Responding to increased international concern about the effect of short-selling on the health of equity markets (concern that is dismissed by most economists as misplaced), Japan's Financial Services Agency has announced a package of measures which it says will help to develop a securities market "easy for anyone to invest in," and establish a fair, transparent, efficient and competitive market.
The new measures will apply from September, and follow pricing curbs imposed in March on short-selling using borrowed shares. FSA officials said the latest regulations on short-selling would apply to institutional investors and brokerages that use margin transactions, but will exempt individual investors. Trades that seek to hedge against share price declines and arbitrage transactions with futures and other instruments will also be excluded, they said.
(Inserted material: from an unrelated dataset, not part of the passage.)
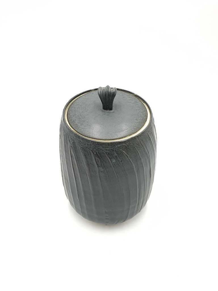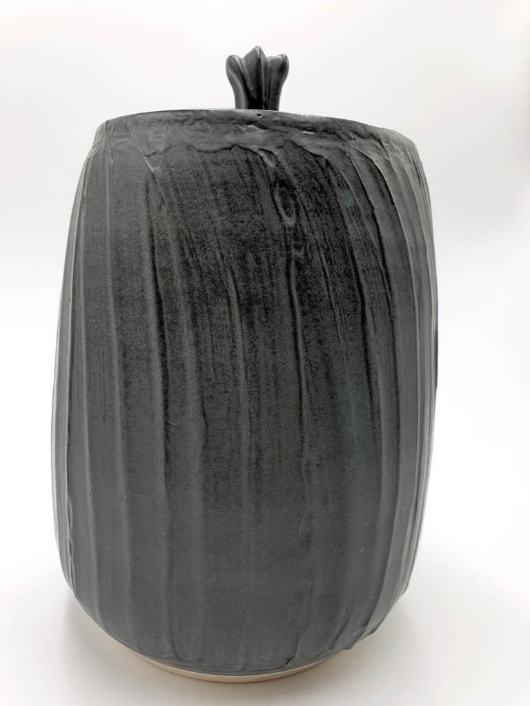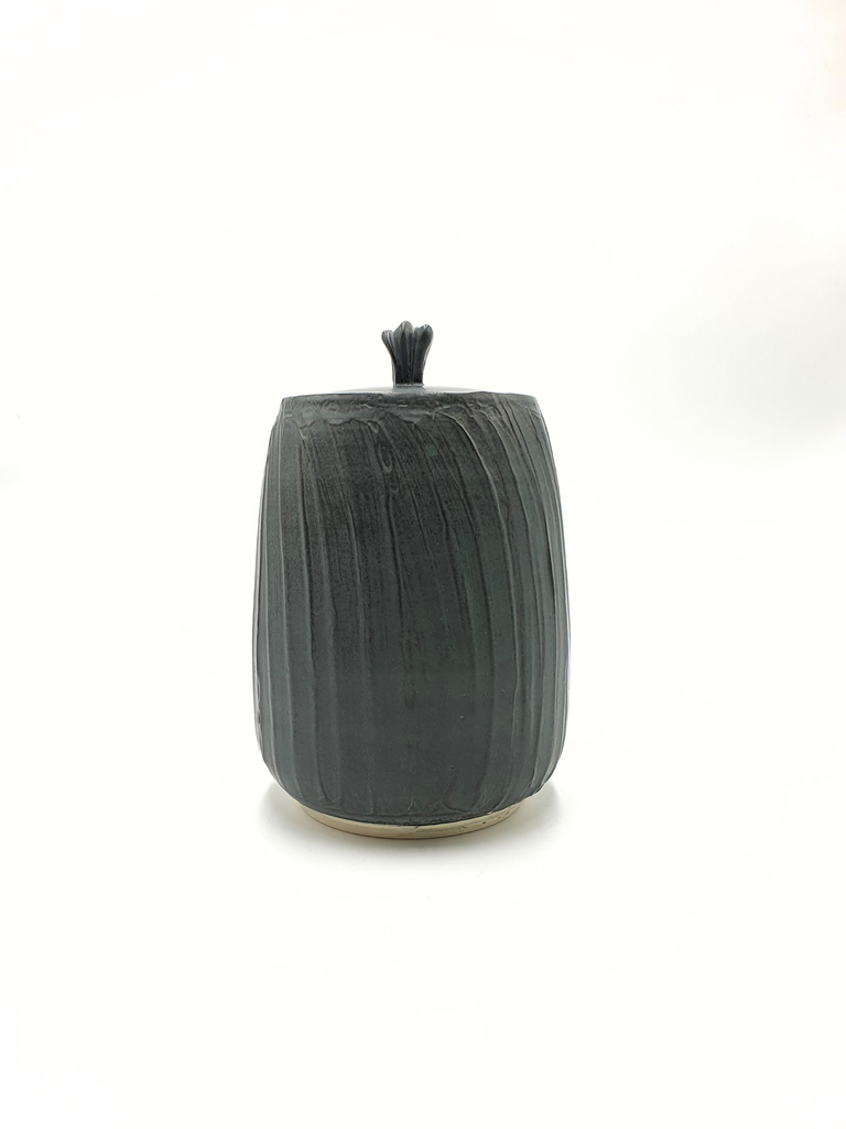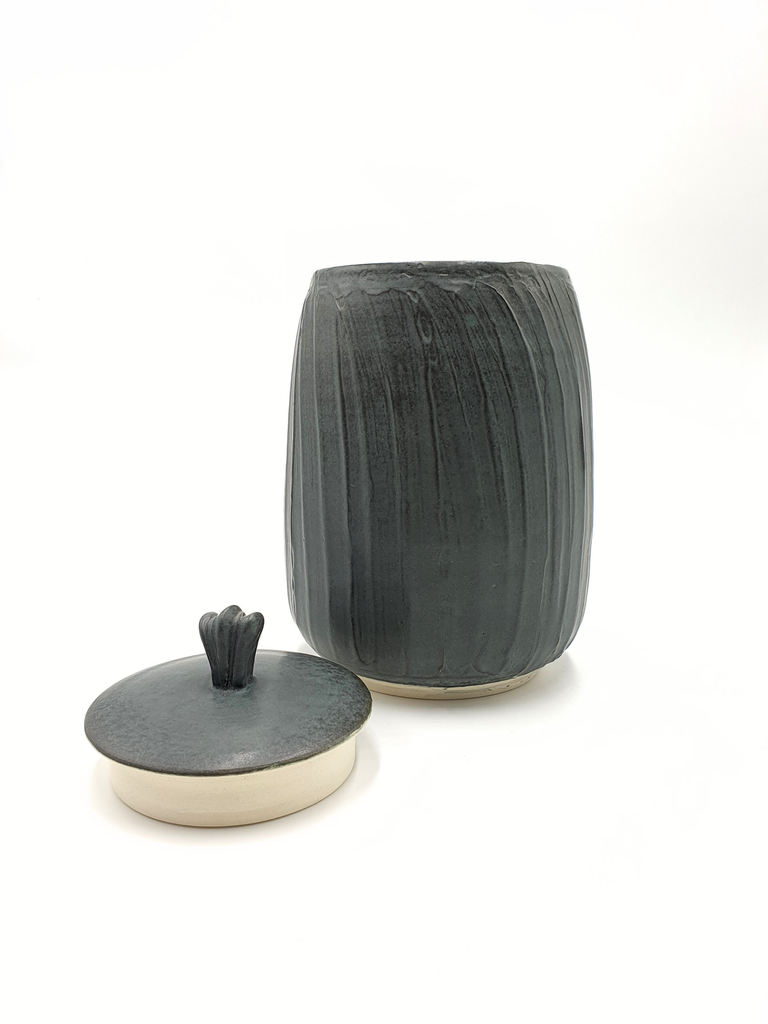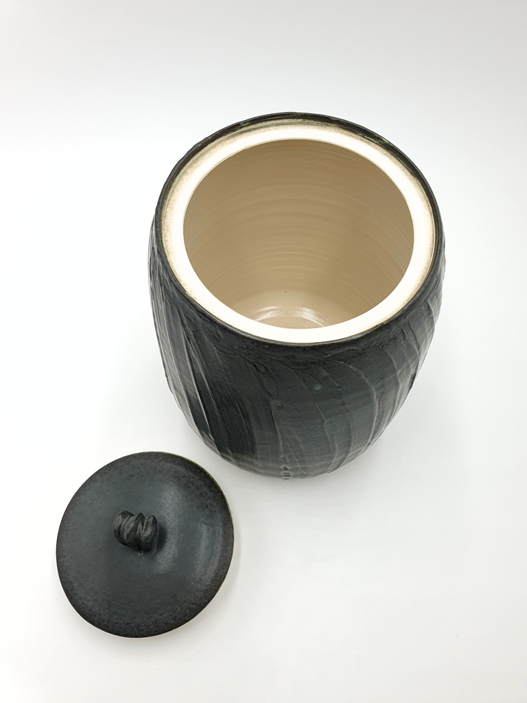 Hand thrown ceramic lidded jar in soft satin black glaze.

Hakuo Yanagisawa, the minister responsible for financial markets, denied the steps were specifically aimed at lifting the stock market, but said there were some spots of bright economic news: "There are some good economic indicators and I hope that investors take this into account when making their investment decisions," he said, adding: "I didn't think we would be making this announcement during such conditions," he said. However, he said he hoped the new measures would have a positive effect in the mid- to long-term.
Analysts said they thought the measures would be neutral in market terms; but the market gave its own opinion, falling more than 2% in the two trading days after the measures were trailed in local newspapers.
Apart from the short-selling rules, the FSA's package includes other steps aimed at developing a fair and transparent securities market. The government will encourage continuous disclosure of risk and other information, and quarterly financial information disclosures by securities issuers. The FSA said it would encourage stock exchanges to implement stricter delisting criteria and efficient securities settlement systems. It also plans to ask the government to implement tax incentives to favour equity and security investment.